What to do: Please copy exactly the lines from the first in the records through the line that contains "Santa Claus de", but not the pictures.

Records:
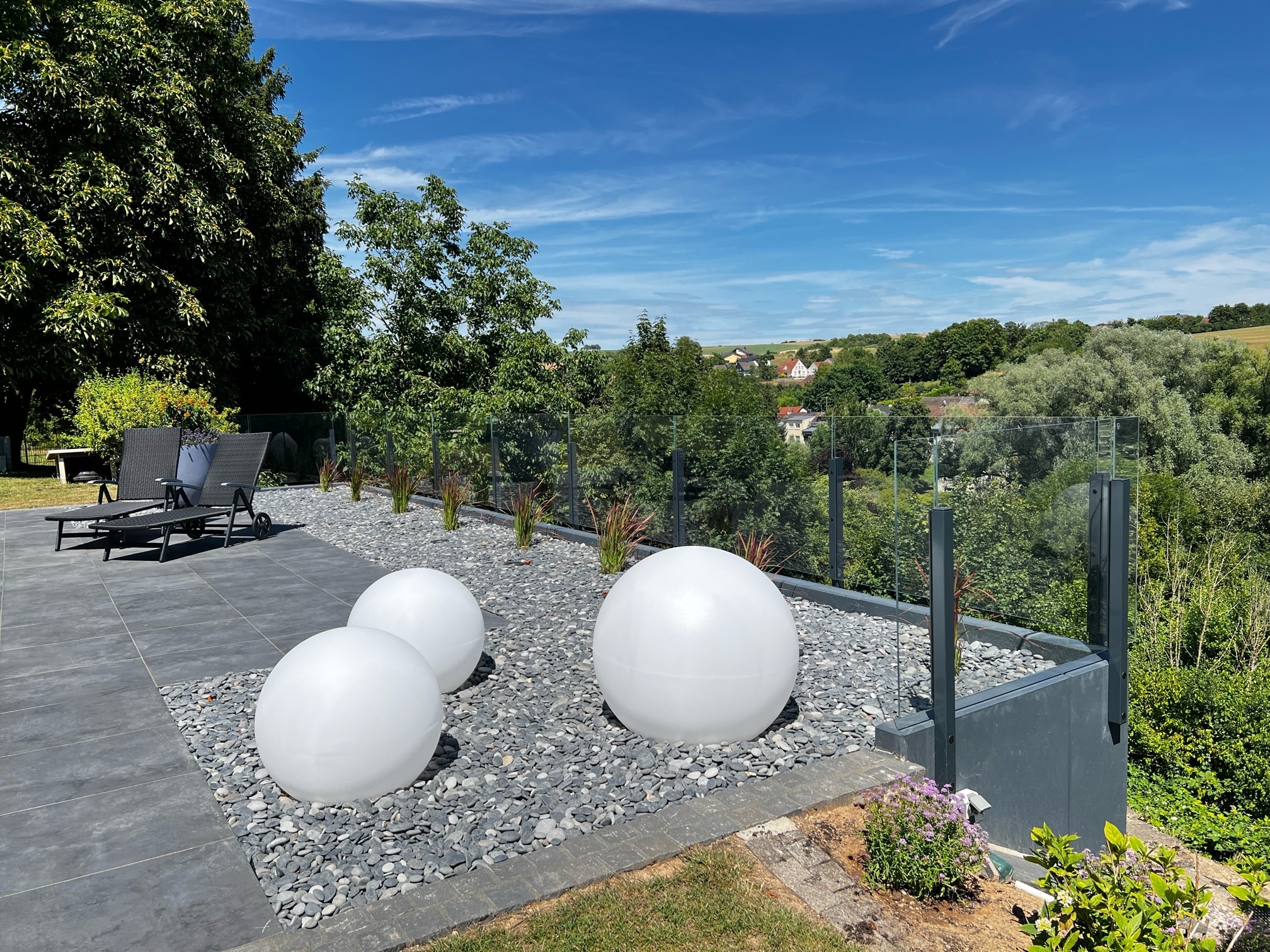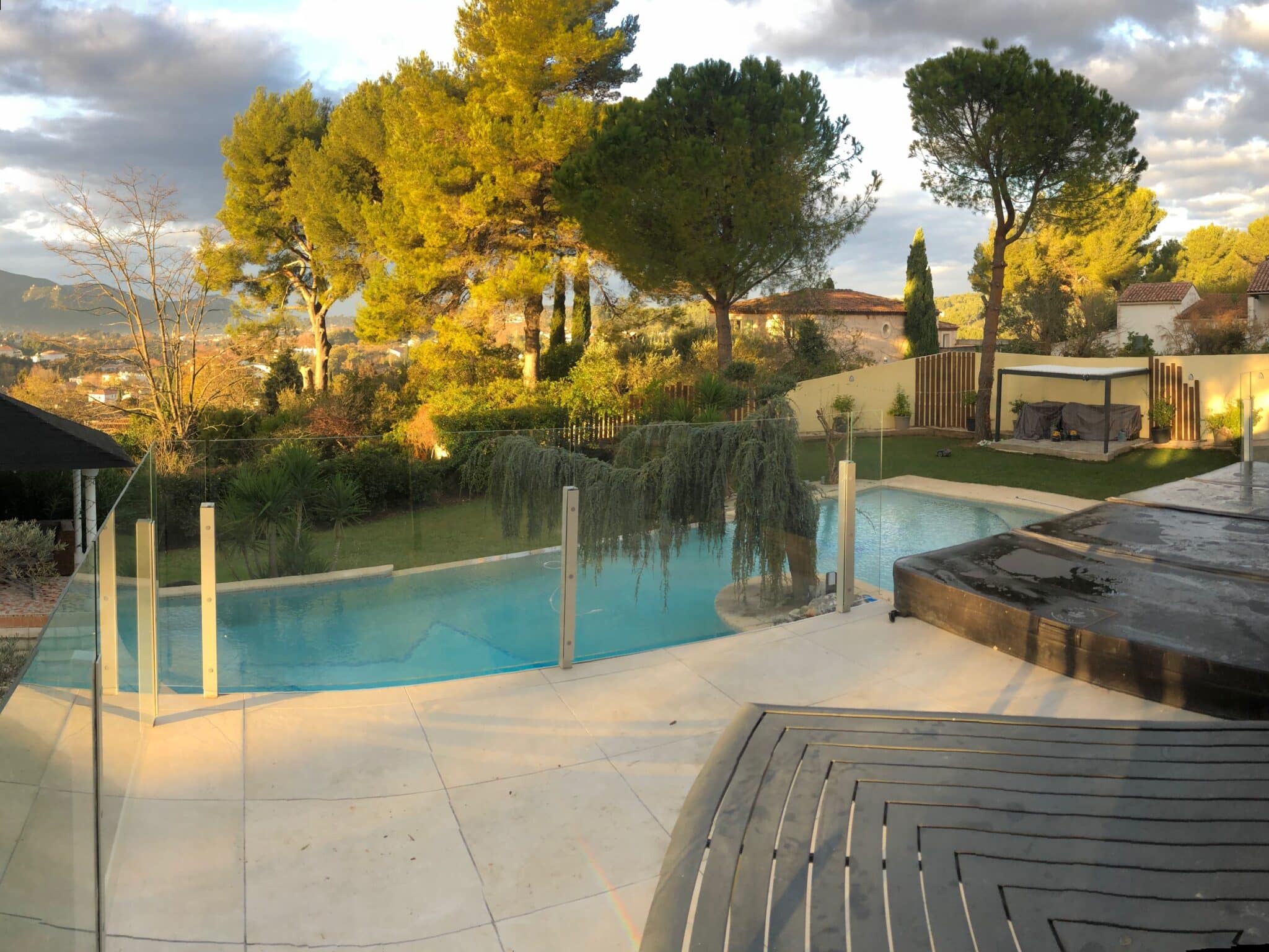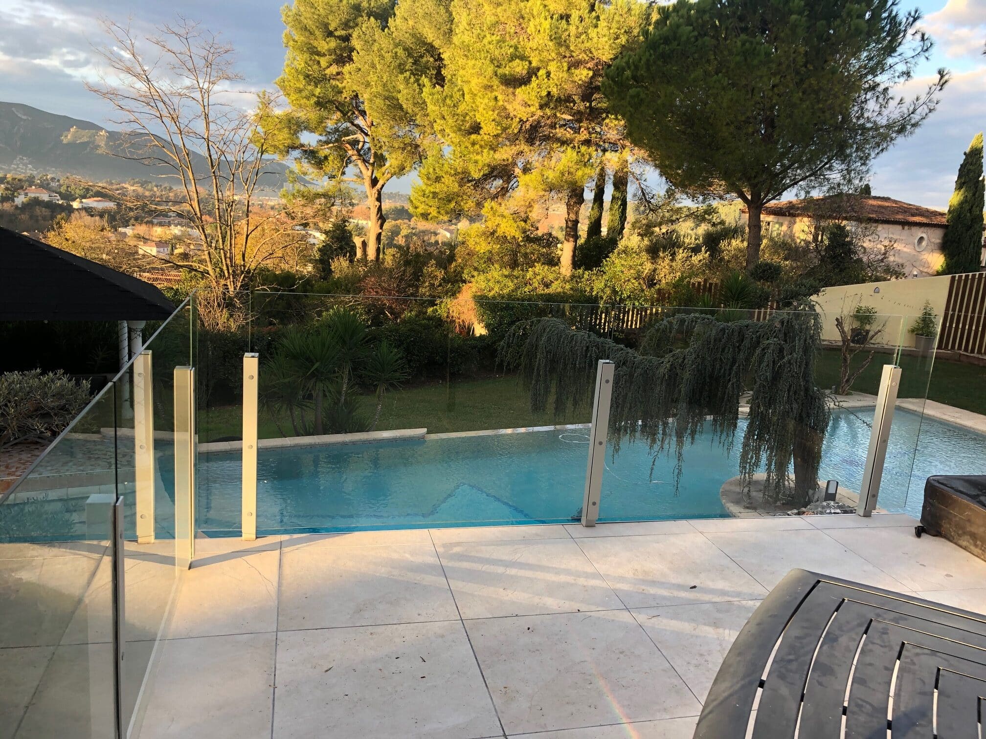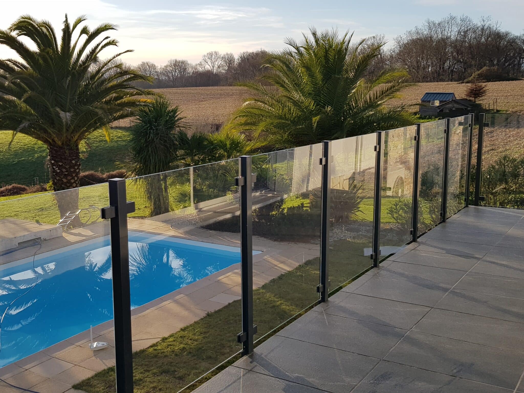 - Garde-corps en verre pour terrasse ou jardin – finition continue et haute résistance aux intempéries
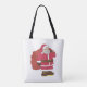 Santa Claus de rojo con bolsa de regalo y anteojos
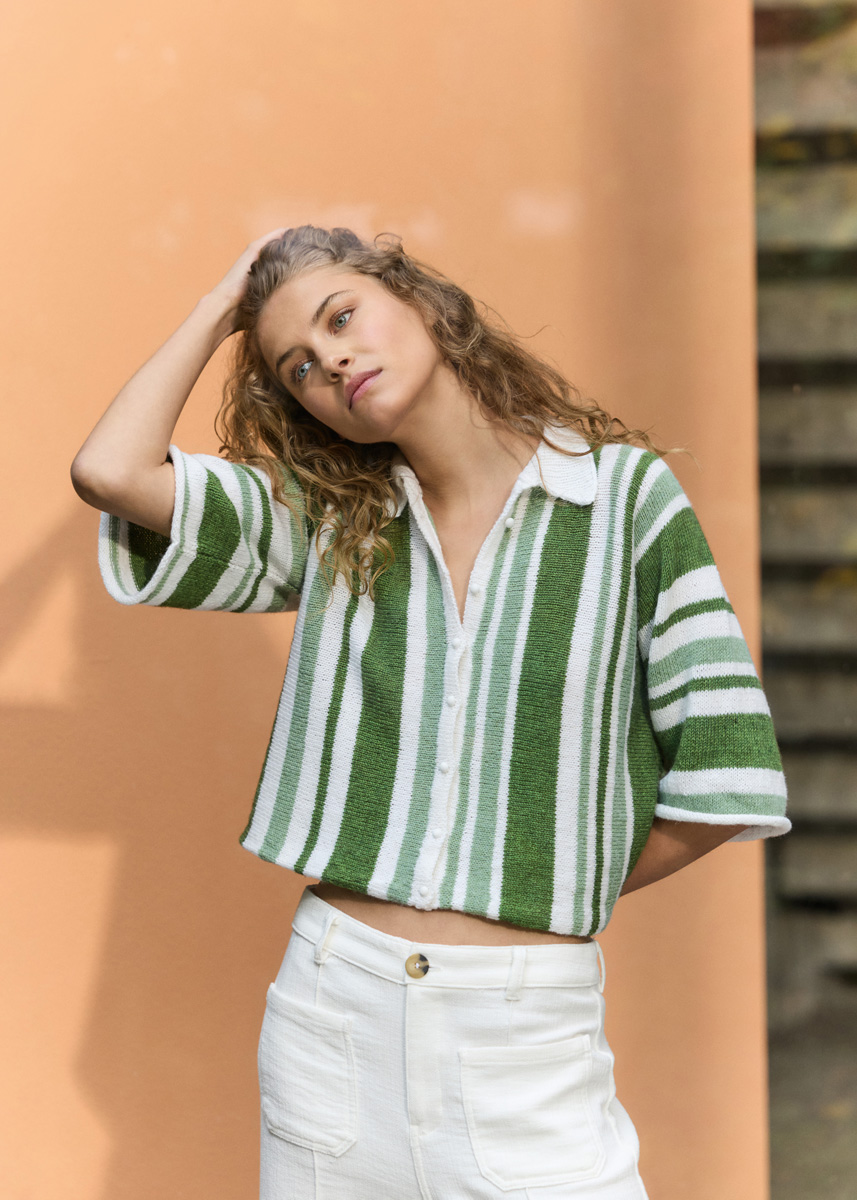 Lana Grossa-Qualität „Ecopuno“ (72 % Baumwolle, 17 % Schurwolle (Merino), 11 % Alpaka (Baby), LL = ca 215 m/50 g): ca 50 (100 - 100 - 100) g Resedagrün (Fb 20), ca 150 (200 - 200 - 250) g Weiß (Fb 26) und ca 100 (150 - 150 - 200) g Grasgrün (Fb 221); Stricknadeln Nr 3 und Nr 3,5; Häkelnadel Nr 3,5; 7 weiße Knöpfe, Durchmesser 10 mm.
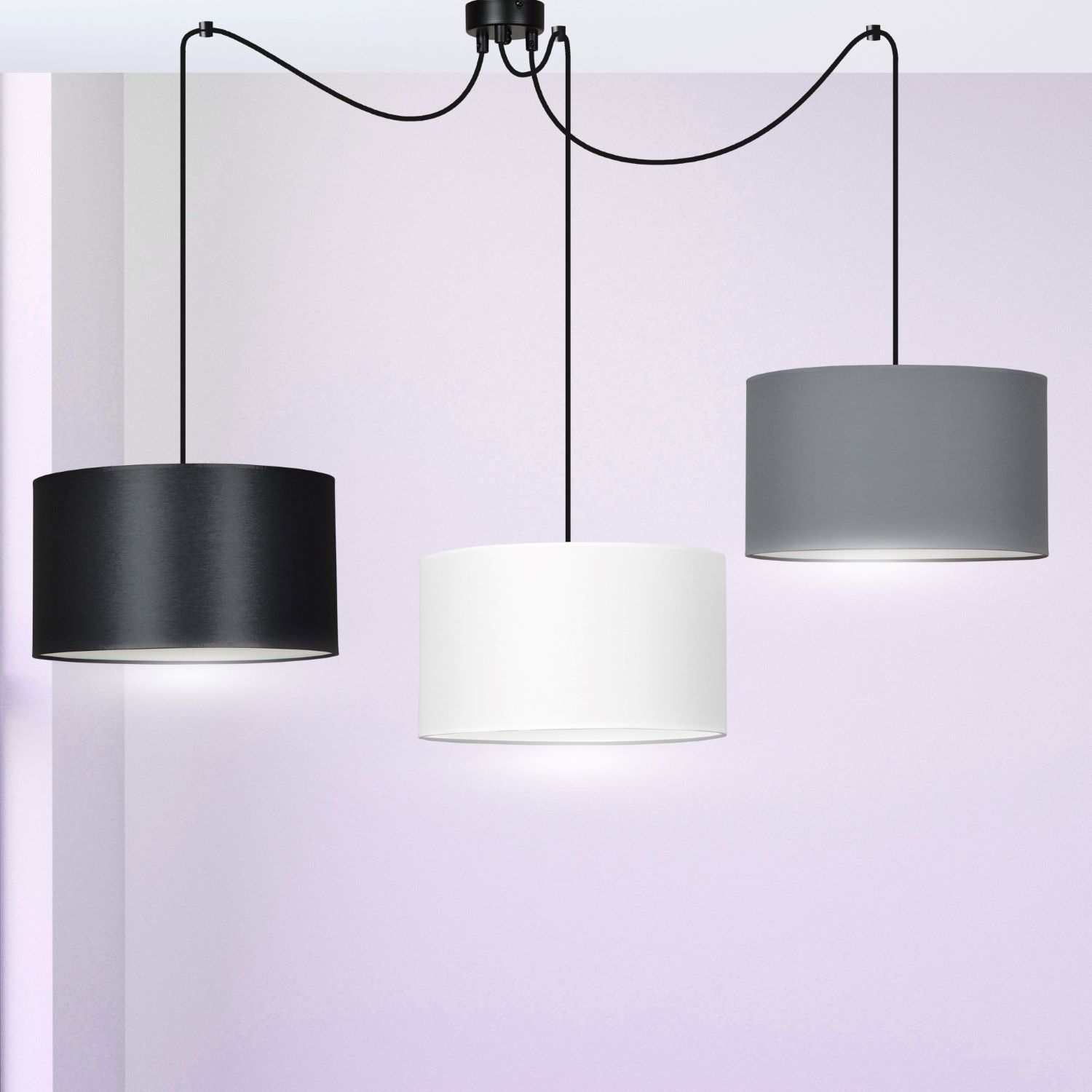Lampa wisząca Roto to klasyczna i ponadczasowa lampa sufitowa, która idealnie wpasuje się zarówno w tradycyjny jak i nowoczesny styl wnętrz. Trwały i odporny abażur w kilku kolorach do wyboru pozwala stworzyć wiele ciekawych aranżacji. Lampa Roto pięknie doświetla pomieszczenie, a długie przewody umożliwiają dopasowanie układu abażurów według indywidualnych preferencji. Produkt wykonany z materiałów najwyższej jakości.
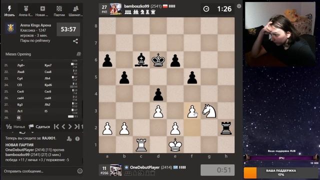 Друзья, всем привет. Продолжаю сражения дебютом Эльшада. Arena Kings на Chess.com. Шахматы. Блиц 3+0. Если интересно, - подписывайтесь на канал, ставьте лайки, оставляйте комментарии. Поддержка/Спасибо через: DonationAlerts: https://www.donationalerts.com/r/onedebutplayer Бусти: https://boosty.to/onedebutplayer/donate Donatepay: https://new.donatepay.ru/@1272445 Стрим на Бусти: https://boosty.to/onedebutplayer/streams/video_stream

Solution to this problem:
 - Garde-corps en verre pour terrasse ou jardin – finition continue et haute résistance aux intempéries
 Santa Claus de rojo con bolsa de regalo y anteojos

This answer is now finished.